Zhanna se tint immobile, serrant dans ses mains un maillot de bain, qu’elle comptait probablement emporter. Son monde s’effondra en un instant : il n’y avait plus de mari pour satisfaire toutes ses caprices, plus de maison confortable avec domestiques. À la place, elle se retrouvait à vivre avec sa mère alcoolique, un compagnon sans emploi, trois jeunes frères, et probablement un travail dans un magasin de village. Et aussi — les regards désapprobateurs des commères du village. Réalisant cela, Zhanna tomba à genoux :

— Pardonne-moi, ne me laisse pas, — supplia-t-elle.

Mais Arkadi resta inflexible. Zhanna ne lui paraissait plus comme cette femme séduisante qu’il avait connue. Elle partit pour son village natal de Klyuev.

Arkadi se réconcilia bientôt avec sa première femme Lena. Il s’avéra qu’il suffisait de faire le premier pas et dire : « Pardonne-moi. »

Veronika termina ses études à l’académie vétérinaire et obtint son diplôme. En remerciement pour avoir sauvé son chien bien-aimé, Arkadi lui offrit une clinique vétérinaire qu’il baptisa en l’honneur du chien — « Azart ».

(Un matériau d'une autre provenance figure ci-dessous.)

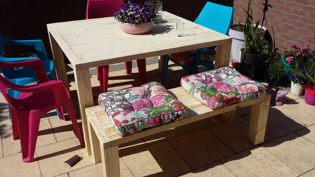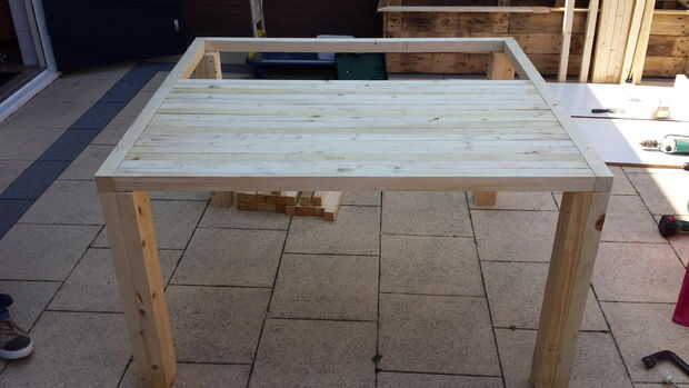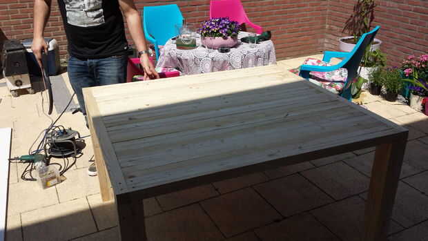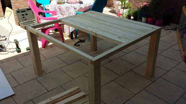 Una vez terminada la tapa de tabla, colocar las piernas a cada lado y listo!
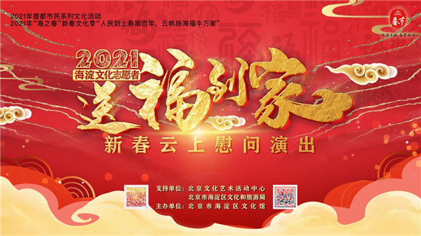 新春的脚步越来也近,年味儿也越来越浓郁。为满足“就地过年”的群众居家文化需求,为广大人民群众送去新春的祝福和问候,让群众足不出户就能感受到浓浓的年味儿,传递和谐社会正能量,充分展示海淀区建设国家公共文化服务示范区的丰硕成果,根据北京市文化志愿者中心及北京市海淀区关于新春系列文化活动的统一部署,在2021年新春来临之际,北京市海淀区文化馆特举办“送福到家乐 春牛耕作深”海淀区文化志愿者“送福到家”新春慰问活动。
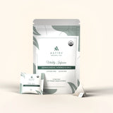 A revitalizing tea blend with ashwagandha, moringa, and amla, complemented by hibiscus and rosehip for a naturally soothing taste. Its delicate pink hue and gentle flavor make every sip a refreshing boost to your vitality and well-being. The sachets are made from non-toxic, plant-based materials to ensure a high-quality tea experience.
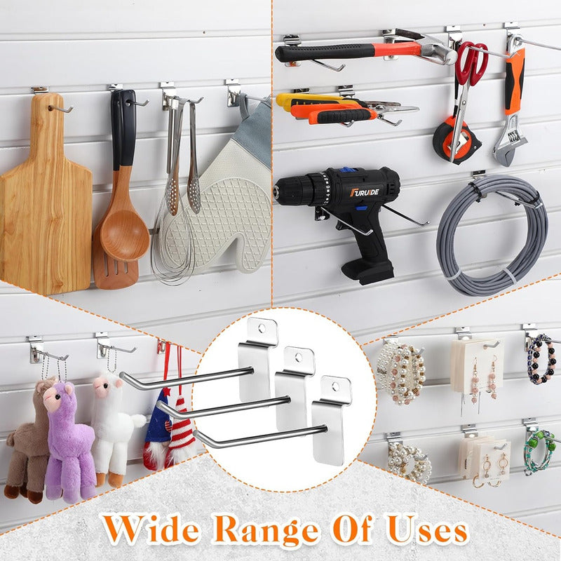 DESCRIPCION DEL PRODUCTO Gancho exhibidor Ganchos para estanterías con tableros de agujeros, solución de almacenamiento perfecto para garajes y demás sitios para organizar tus herramientas y/o materiales. Hecho acero carbono satinado y recubierto con galvanoplastia con una superficie muy pulida. Longitud de 20cm Resistente a golpes, acero inoxidable de larga duración. CONTENIDO DE LA COMPRA X10 Gancho exhibidor

— Tu n’as pas seulement sauvé mon ami, Veronika, — dit Arkadi en lui remettant les clés et les documents de la clinique. — Tu m’as aidé à comprendre que la personne qui était à mes côtés n’était pas du tout celle qu’elle prétendait être, mais une personne très dangereuse et perfide.

Veronika, un sourire aux lèvres, accepta son cadeau.